In the process of his being a skier born and raised in Gold Hill, Colorado who later decided to move to the Mt. Baker Ski Area in Washington, and previously a teenager who went on ski trips all over the United States and Canada on vehicles modified for the parking-lot lifestyle, and then with his globe-trotting with Gunderson, Giffin acquired ample appreciation for the practicality of mobile homes, and, as a professional carpenter and a new advocate of mobility, became attracted to the larger "tiny house" concept, philosophy and aesthetics after seeing one such house. He looked at the idea of travelling while shooting videos, and with the high cost of RV rentals the couple decided to build their own tiny home. With the help of one of his skiing sponsors, Outdoor Research, Giffin built his first tiny home in the fall of 2011, completing it with the help of friends and family in less than two months. Thereafter he set out on an almost-constant travel aboard the new house for three years while he produced short films that would later be known as the "OR Tiny House Tour" videos. As a culmination of this project, Giffin's brother Sam edited a 20-minute short film from the collection entitled "Livin' Tiny - A Quest for Powder", which received wide viewership on YouTube. The film was watched by television executives in New York City who, in early 2014, later called Giffin while he was camped in Asulkan Parking on Rodgers Pass, BC, to ask if he could be on a plane for New York within a week to meet with them. Giffin accepted the invitation, which led to the production of Tiny House Nation wherein he and John Weisbarth served as co-hosts and members of a team of co-producers.

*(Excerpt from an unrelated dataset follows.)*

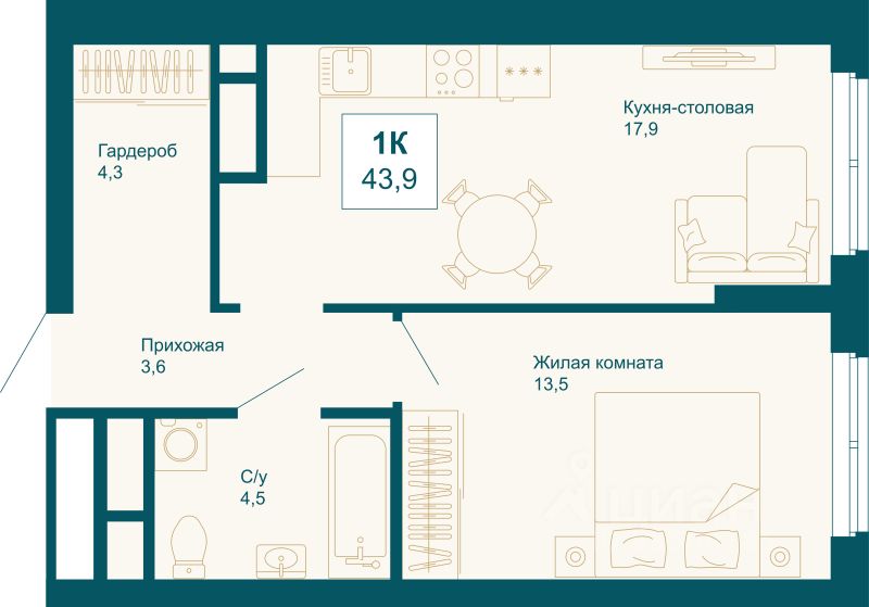 Продаётся 1-комнатная квартира в строящемся доме (Дом 2.1), срок сдачи: II-кв. 2027, общей площадью 43.9 кв.м., на 21 этаже. Расположение, транспортная доступность

=== Operation Tiny Home nonprofit ===
Giffin became not only an advocate for the tiny house movement as part of the overall environmental movement but also a participant in discussions about zoning policy (noting, for example, that zoning laws that limit the use of tiny homes also hamper efforts to improve cities' energy efficiency), affordable housing, and homelessness.

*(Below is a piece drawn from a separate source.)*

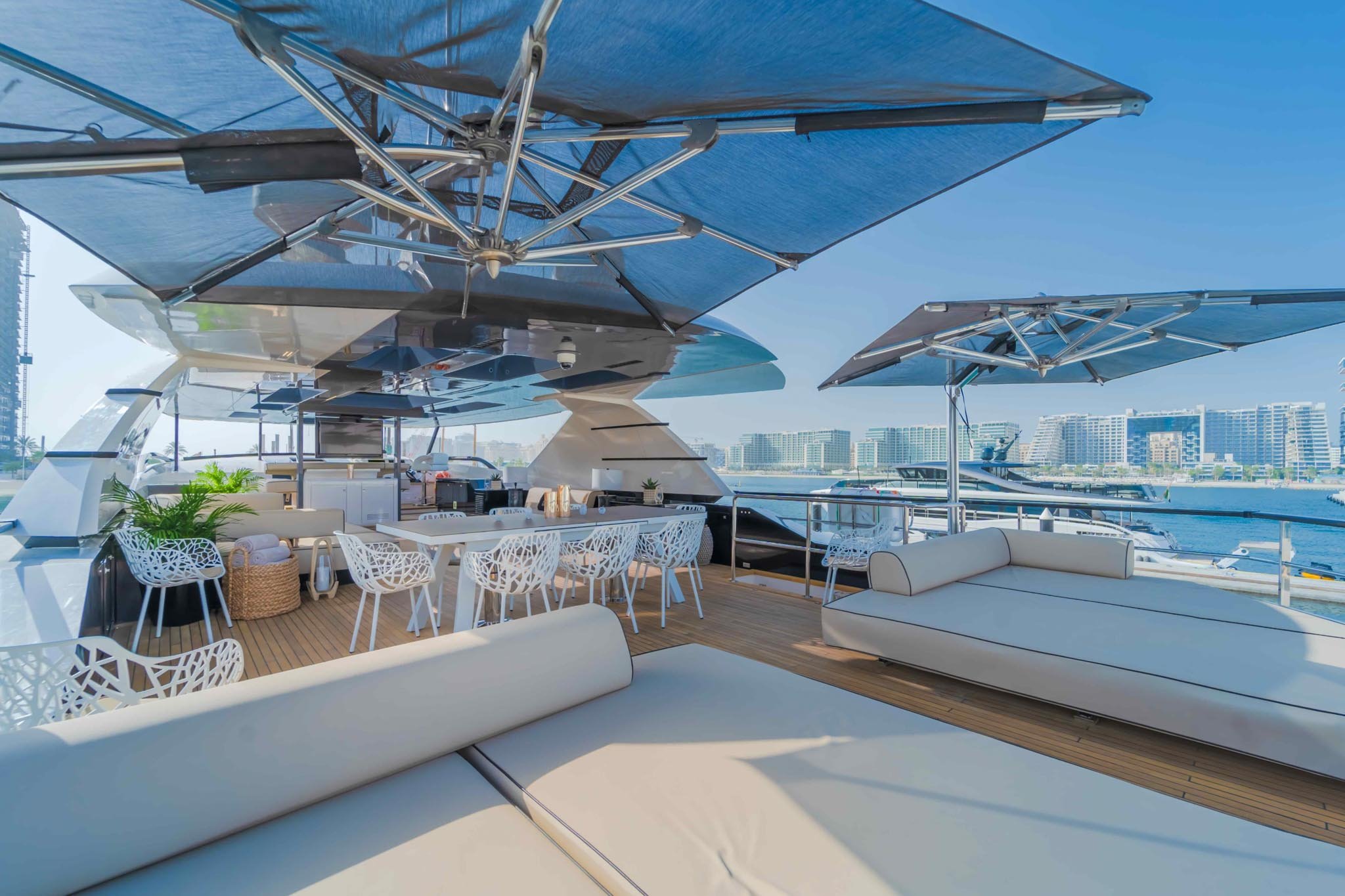 She is the perfect yacht for a corporate event to celebrate an important occasion of your company. She is also the right choice for organizing gatherings with family or friends, thanks to impressive leisure and entertainment amenities. The boat has everything you could ever want, including stylish amenities designed to impress all guests and leisure activities to keep everyone entertained.

In 2015 he became involved with a nonprofit organization called Operation Tiny Home, which aimed to support the construction of tiny-home villages for homeless veterans. He has since then held workshops for groups of veterans in 16 different states in the United States. The organization's program later expanded to include Native American communities and women's shelters. Giffin also later formed a down-payment assistance program for "local heroes", regardless of military service.

=== Tiny Home Industry Association vice president ===
The Colorado Blueprint 2.0 Initiatives, in collaboration with the Colorado Office of Economic Development and International Trade and under the direction of former Colorado governor John Hickenlooper, supported the launch of the Tiny Home Industry Association (THIA) as a trade organization in 2016. In 2018, Giffin joined the board of the THIA where he would later serve as vice president. In this latter capacity he was invited to speak with the US Secretary of Housing and Urban Development in Washington, DC, at the National Convention of Mayors in Miami, and at the Clinton Presidential Library in Arkansas as a de facto spokesman for the tiny-house movement and minimalism.

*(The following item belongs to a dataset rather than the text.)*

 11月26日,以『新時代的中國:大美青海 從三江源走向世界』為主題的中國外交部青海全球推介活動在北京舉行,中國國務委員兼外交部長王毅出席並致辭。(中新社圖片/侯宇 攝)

=== Operation Tiny Home podcast ===
Weisbarth and Giffin currently broadcasts the Operation Tiny Home podcast.

== Other achievements in media ==

- 2011 – Cover of Powder Magazine (skiing magazine managing-edited by John Bresee)
- 2011-2014 – Director, OR Tiny House Tour
- 2013 – Director, Winter's People
- 2013 – Featured athlete, Valhalla (Sweetgrass Productions)
- 2015 – Featured athlete, Ruin and Rose (Matchstick Productions)
- 2019 – Writer, director and star, Ridge of Dreams

== Personal life ==
Zack Giffin owns a company named Zack Rabbit Tool Company.